Splendours of Lisbon: A Full Pontifical Set of Vestments

Previously we have given consideration to the impressive collection of vestments at the Museu de São Roque/Santa Casa da Misericórdia de Lisboa, and today I wished to share another set from their impressive collection, this time a pontifical set. The entire set is comprised of thirty four different pieces and would have been destined for the most solemn occasions, such as Christmas and Easter. 

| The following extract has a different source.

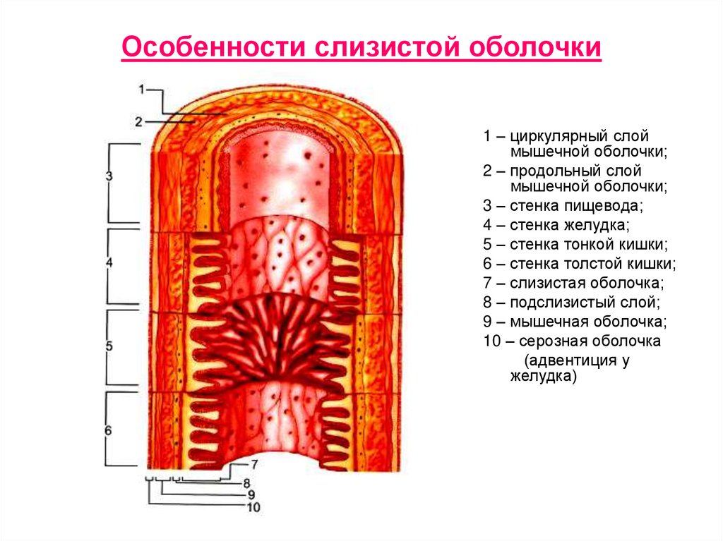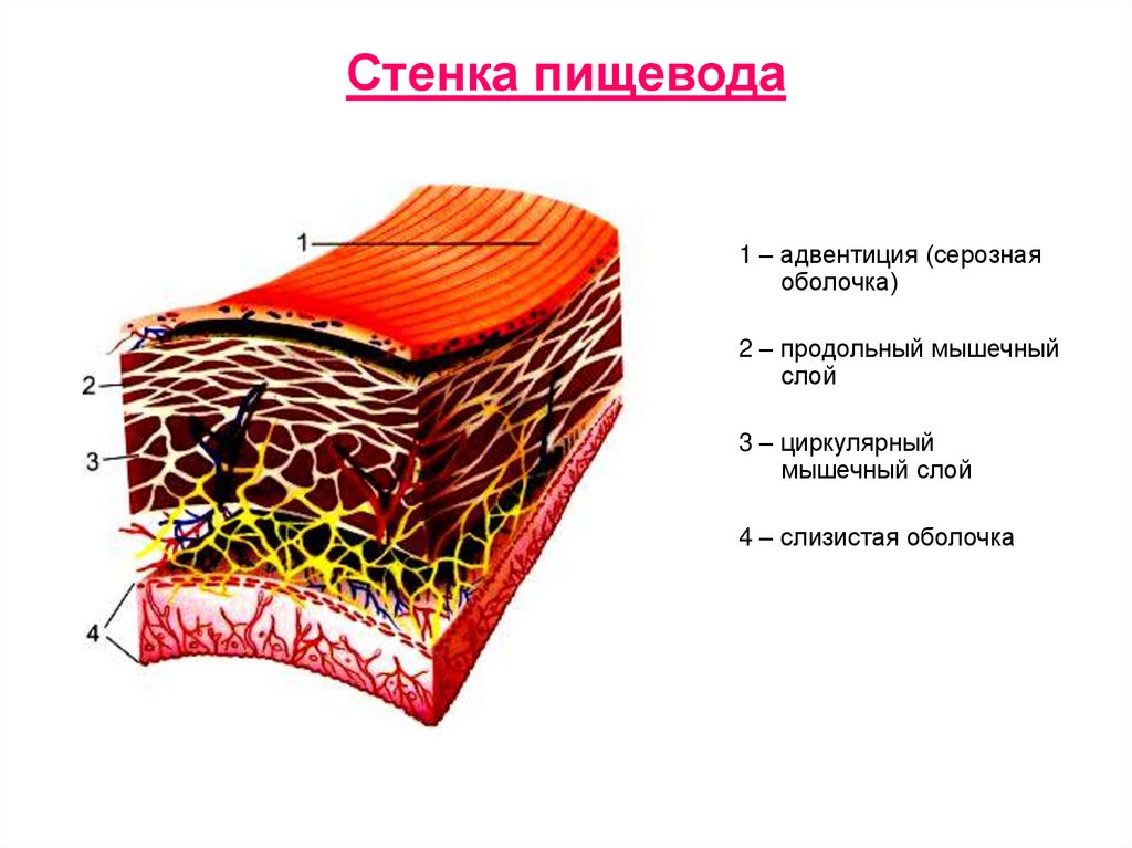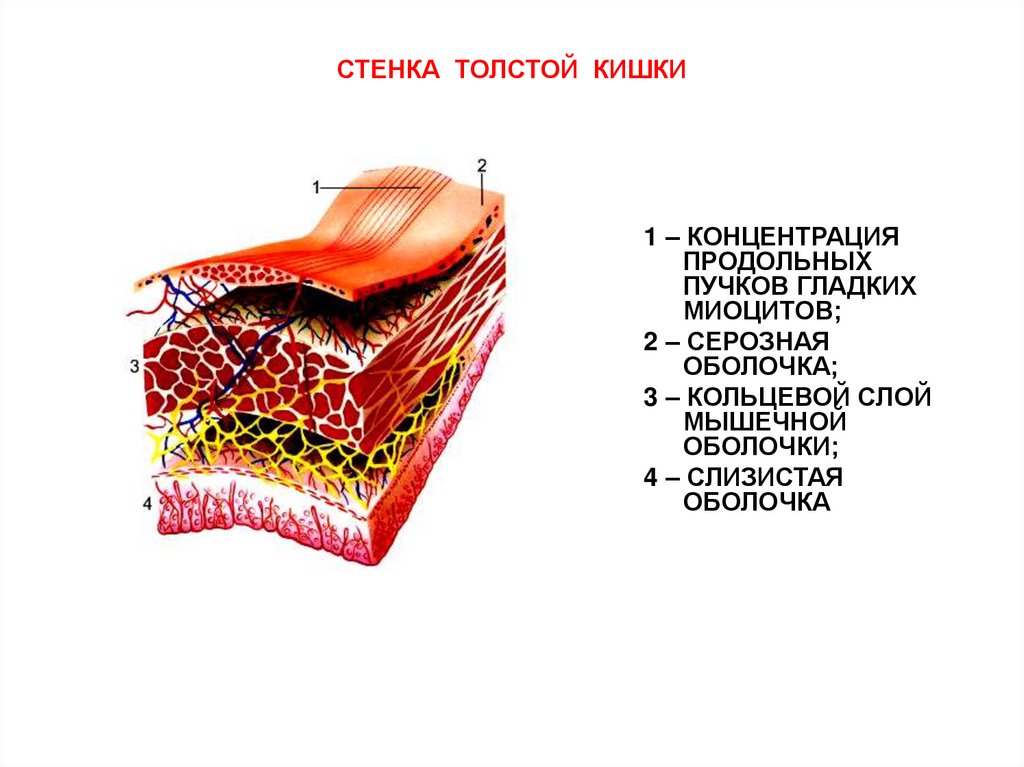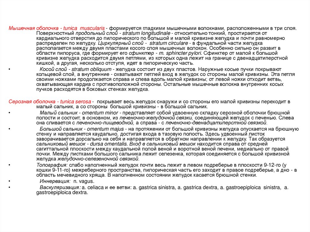 складки. Мышечная оболочка представлена двумя слоями гладких миоцитов: продольным и циркулярным. Серозная оболочка является продолжением

The complete set includes not only the usual Mass vestments, but also the various pontifical vestments and, further, additional ornaments such a door hangings, book covers and so on.  Our focus, however, are the primary Mass pieces, which were once again created by the Roman atelier of Guiliano Saturni and Francesco Giuliani between 1744-1749. (It would seem the Lisbonites kept them very busy during these years.) There is some mention that the patriarch of Libson may have used these from time to time, though if he had, it is worth noting that he would have worn his own mantum (a long trained cope).

The style of the vestments is entirely typical to the tastes of the era in which they were produced. Heavier, gros de Tours embroidery set onto a white silk lamé, the embroidery itself following naturalistic motifs. 

Here is a slightly closer look at the hood/shield of the cope:

The ties for the maniple are more ornamental than usual, including gold tasseled ends.
The burse also contains tassels on each of its four corners, though this was more commonly done at this period of time so it is not unique to this set.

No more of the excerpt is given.